LESLIE: Richard in Rhode Island finds The Money Pit on WPRO. What’s going on at your money pit?
RICHARD: I have a new home and a new attached garage. However, the water keeps seeping through a crack in the new foundation. I have had it chiseled out. They put hydraulic cement in it. They said that would alleviate the problem. I subsequently took my backhoe and tried to grade and divert some of the water away from the house. And the heavy days of – heavy, rainy days, I should say – the water still seeps through that same crack that they “fixed.”
TOM: Mm-hmm. You said they put in a hydraulic cement there.
RICHARD: Correct.
TOM: I would prefer an epoxy patching compound or a flowable urethane.

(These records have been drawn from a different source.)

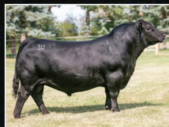
HF HI-COUNTRY 7L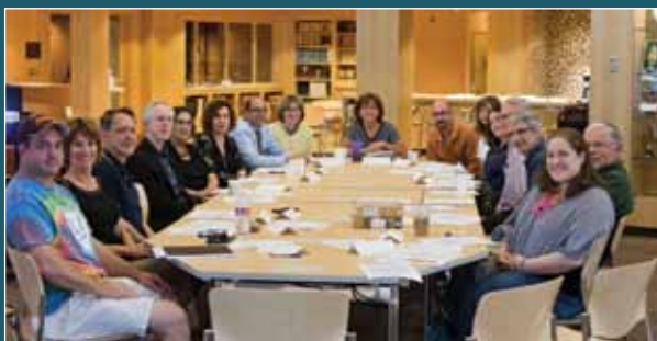
Board members, after reciting the board prayer, gathered in the Learning Center.

I wish you all a Shanah Tovah—a year filled with peace, blessings and personal growth.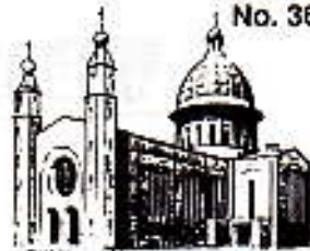
CHURCH OF THE HOLY SPIRIT, DENARDY'S CROSS, DUBLIN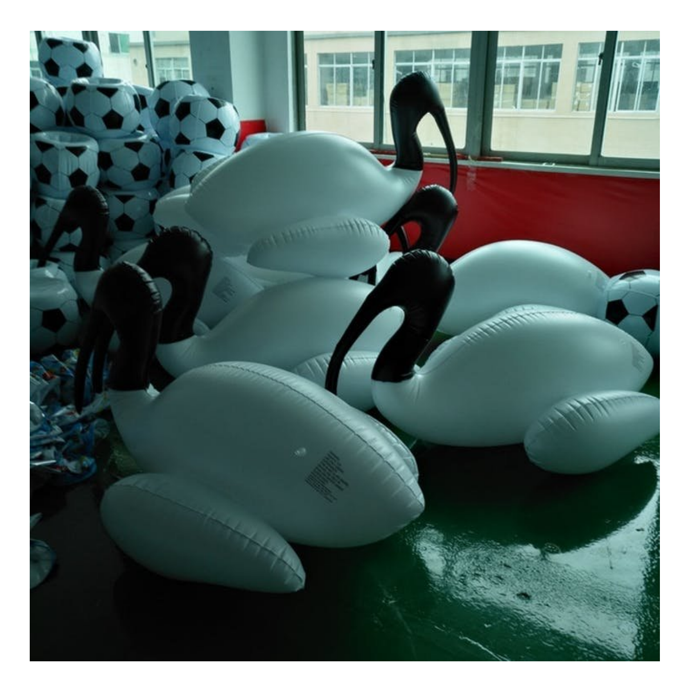
Inflatable ibis. Credit: Casey/Big Bird Designs, Queensland

<u>Ibis also migrated</u> from interior wetlands to the coasts of east and southeast Australia and the southwest. That migration was forced by drought and habitat loss, which have caused <u>huge declines</u> in inland ibis numbers. Sydney's ibis population today is estimated at about <u>10,000</u>.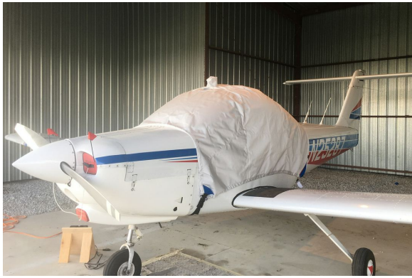
Piper PA-38 Canopy Cover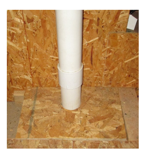
The small piece of OSB was cut to fit and placed before the connecting collar and pipe about the collar was installed.

We chose the roof exhaust instead of a pipe running up along the outside of our house. The fan is not exposed to the elements in the attic. The roof vent is not noticeable on the front of our house.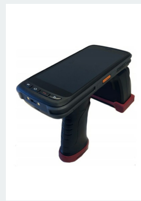
Alien Technology H460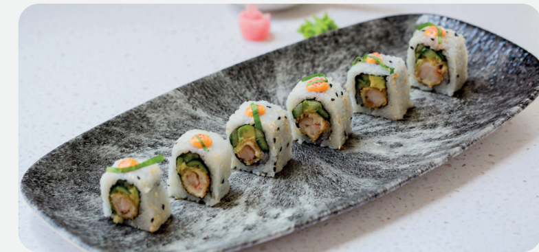
NO 3. ——— R 128 Tempura Prawn Roll & Rocket with Teriyaki Sauce & Hot Spicy Mayo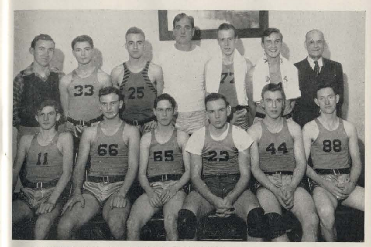
BASKETBALL AT JUNIOR COLLEGE has continued in spite of the war, the team this year having played one of its heaviest schedules. A large percent of the student body takes part in the intramural progam which includes ping-pong, tennis, bowling, softball, and swimming.

The college encourages the formation of interest groups such as the Dramatic Club, the Psychology Club and the Natural Science Club. Membership in all Junior College clubs, where not open to all students, is based upon talent or proficiency in a particular field.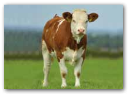
Hillcrest Laura €3300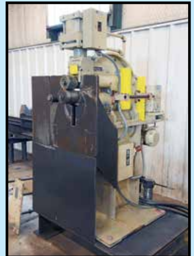
POWER COMBINATION MACHINE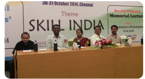
Dignitaries on the stage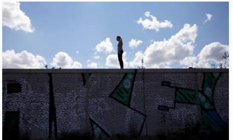
230 Steps (Berlin, 2012)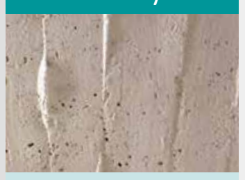
For hard substrates: for rough grinding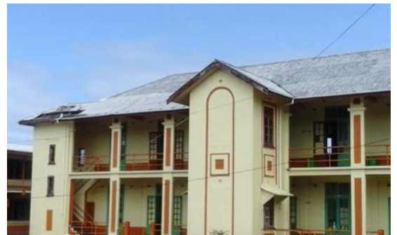
The entire roof of the Saint Columba building at the Marist Brothers Primary School in Suva needs to be replaced.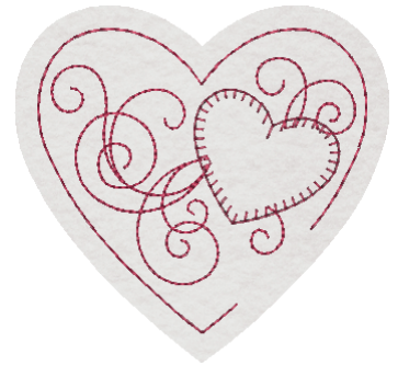
12376-02B Heart in Heart B 3.83 X 3.63 in. 97.28 X 92.20 mm 1,764 St.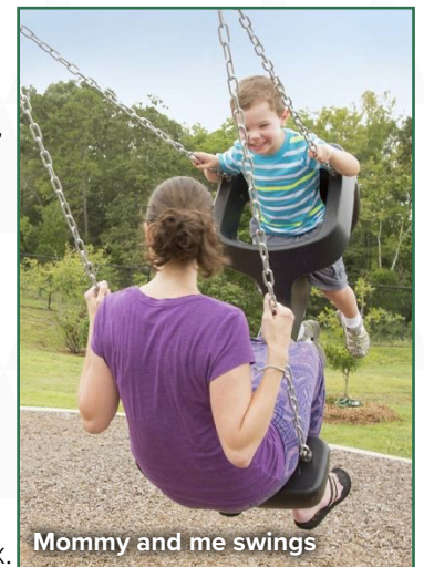
Mommy and me swings

Park improvements will continue. We will add a swing set to Stonehill Park, including a Mommy and Me swing. We will also be adding swings to the area by the playground beside Thornhill Pool. The concession stands at the ballfields will be improved. Bathrooms will be added at the soccer fields at the northwest corner of the Sherwood Sports Complex.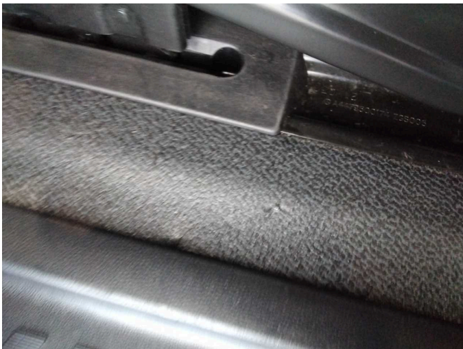
Damage 3: Trim / covers: Floor covering - front centre - Holes - Loss in value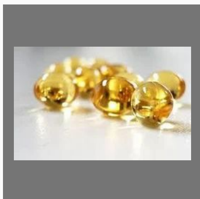
Vitamin A 1000 IU Vitamin E acetate 2.5 IU Capsules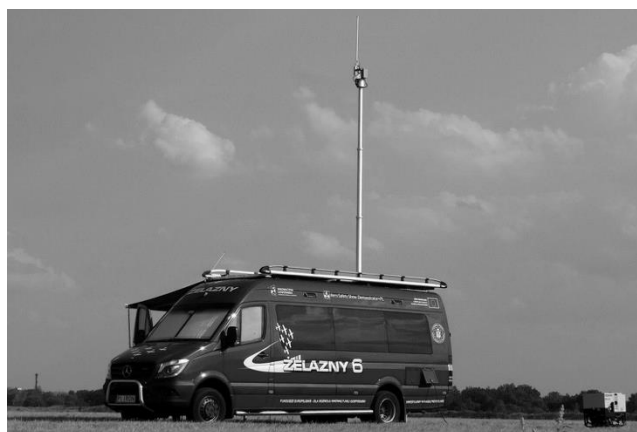
Fig. 2. Mobile Controller ASSD+PL

Measuring modules operate autonomously. It means that calculations are not made based on data delivered by systems and devices being part of the aircraft. Generated data are transmitted by radio to the Mobile Controller ASSD+PL, presented in Fig. 2, where they are processed. In the simplified solution, the vehicle with a specialised equipment may be replaced by a small base station.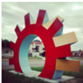
Sunrise/Sunset (Sawblade) Welded Laser-Cut Stainless Steel, Enamel 5.5" x 8" x 18" $22000.00 2018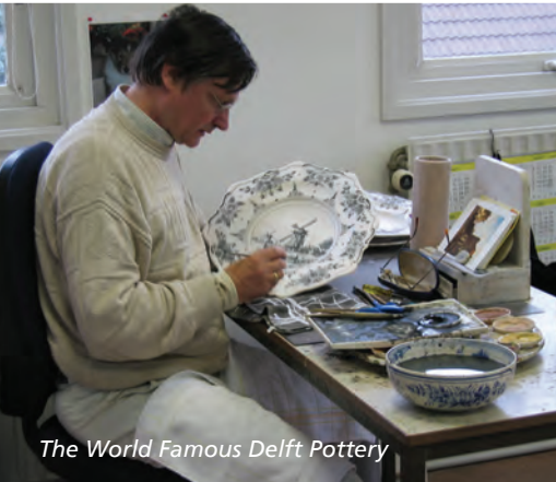
The World Famous Delft Pottery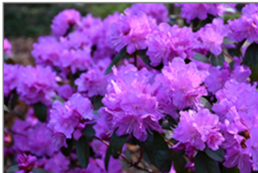
P.J.M. Elite Rhododendron flowers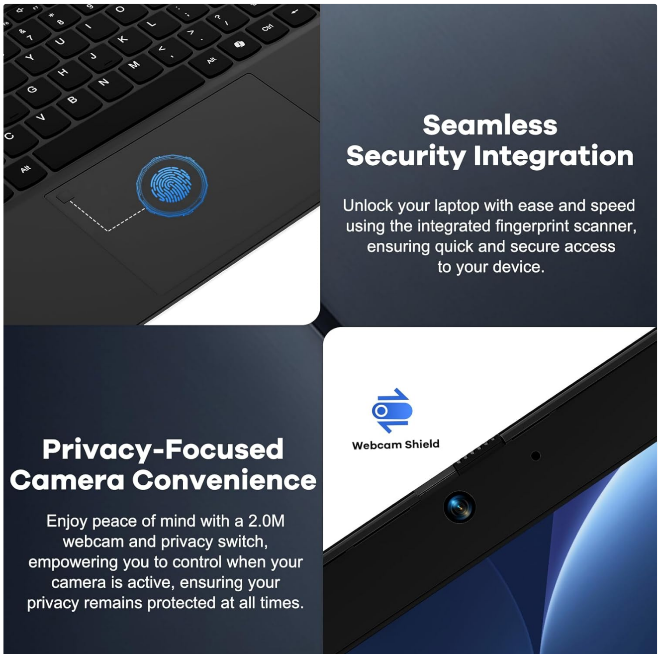
Image: A split image showing a close-up of the fingerprint reader on the touchpad for seamless security integration, and the physical webcam shield for privacy control.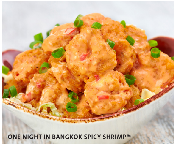
ONE NIGHT IN BANGKOK SPICY SHRIMP™

Add Guacamole $4.50 (123 cal) or Grilled Chicken $6.00 (120 cal) or Grilled Steak* $8.00 (220 cal)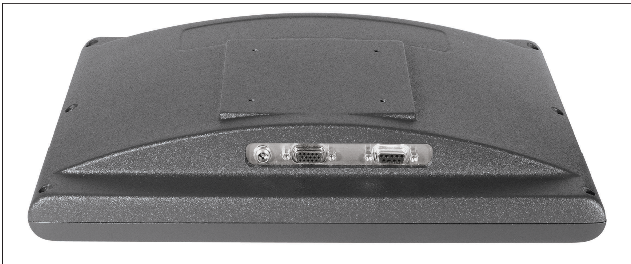
Power, VGA, & Touchscreen connectors on bottom of unit.

In addition to the above, the touchscreen model has an extra cable terminating in a 9-pin serial connector which connects to one of the PC's serial ports.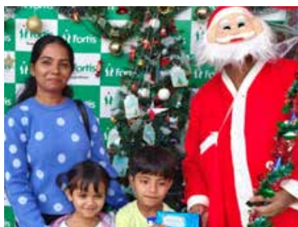
Fortis Hospital, Nagarbhavi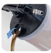
• Pour fluid hole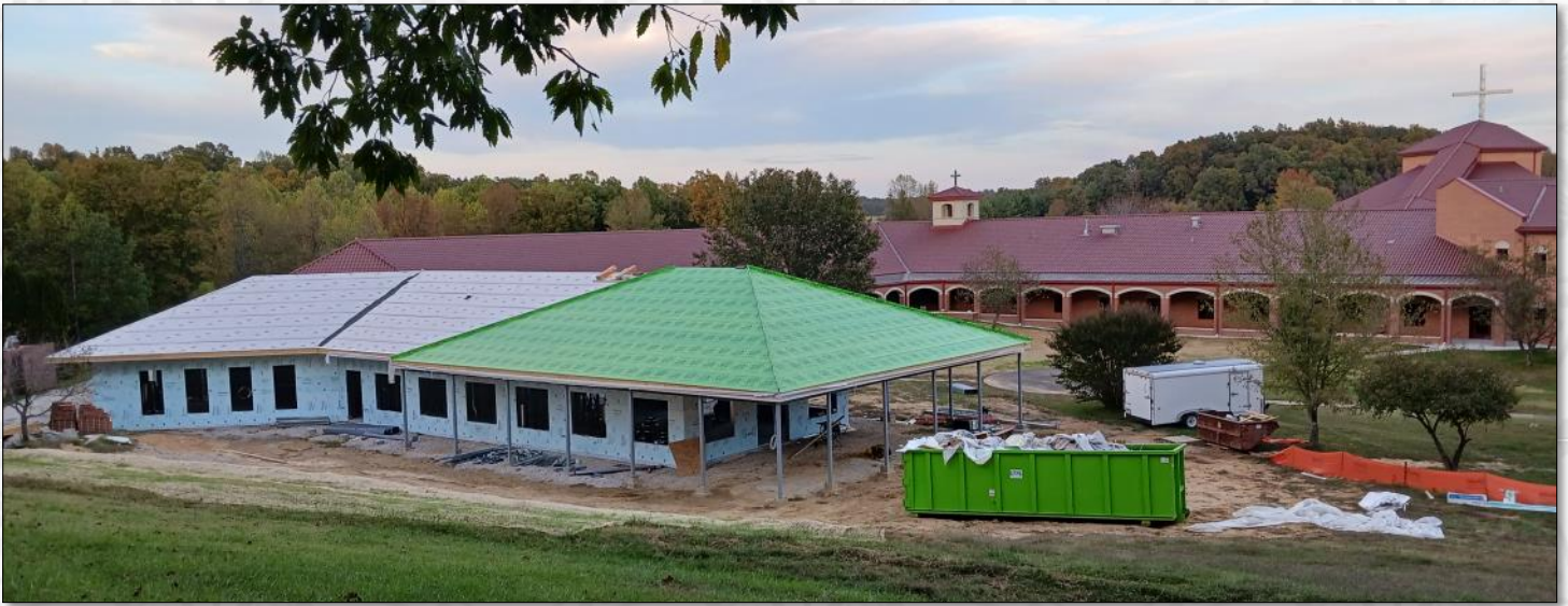
We'll be looking at a green roof until next spring when the Spanish clay tiles will be delivered and installed.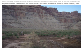
Fourwing Saltbush/Annual Grass Understory

This pathway occurs when above average spring precipitation and below average summer precipitation favors cheatgrass over annual forbs.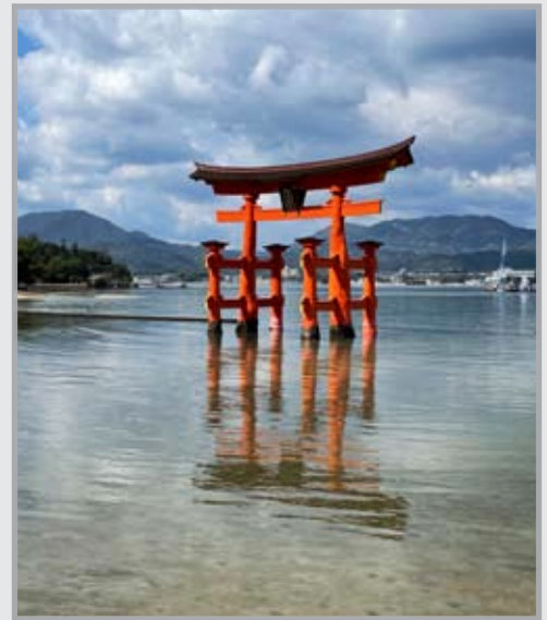
Floating O-Torii, Miyajima

Sunday, November 9, 2025 to Saturday, November 22, 2025

LESLIE: Because it will adhere better to that concrete …
TOM: It sticks better.
LESLIE: … that’s already there.
TOM: You see, you’ve got a crack, so that’s always going to be the weak link. I mean when you get water that collects on the outside of the foundation, it’s going to find a weak link and find its way in. But rather than a cement I would have much preferred to have used an epoxy in that. And how far did you have to dig down to expose this?
RICHARD: It was all the way down from grade level down to the base, which is about seven to eight feet down.
TOM: Oh, boy. So well, at this point, you know, short of you digging that out again, this is really just going to be a water management issue. I mean you could epoxy patch it on the inside and that might help a little bit. But keeping the water away from this – such as the grading that you’ve done – is going to be the best way to slow it down.
LESLIE: What about your gutters, Richard? Do you have gutters on the house?
RICHARD: Brand new gutters, actually. But what happened was the guy – the excavator – ended up putting the boulders along the foundation. He said, “Oh, that’s fine” and I’m sure the water’s finding its way back through there somehow.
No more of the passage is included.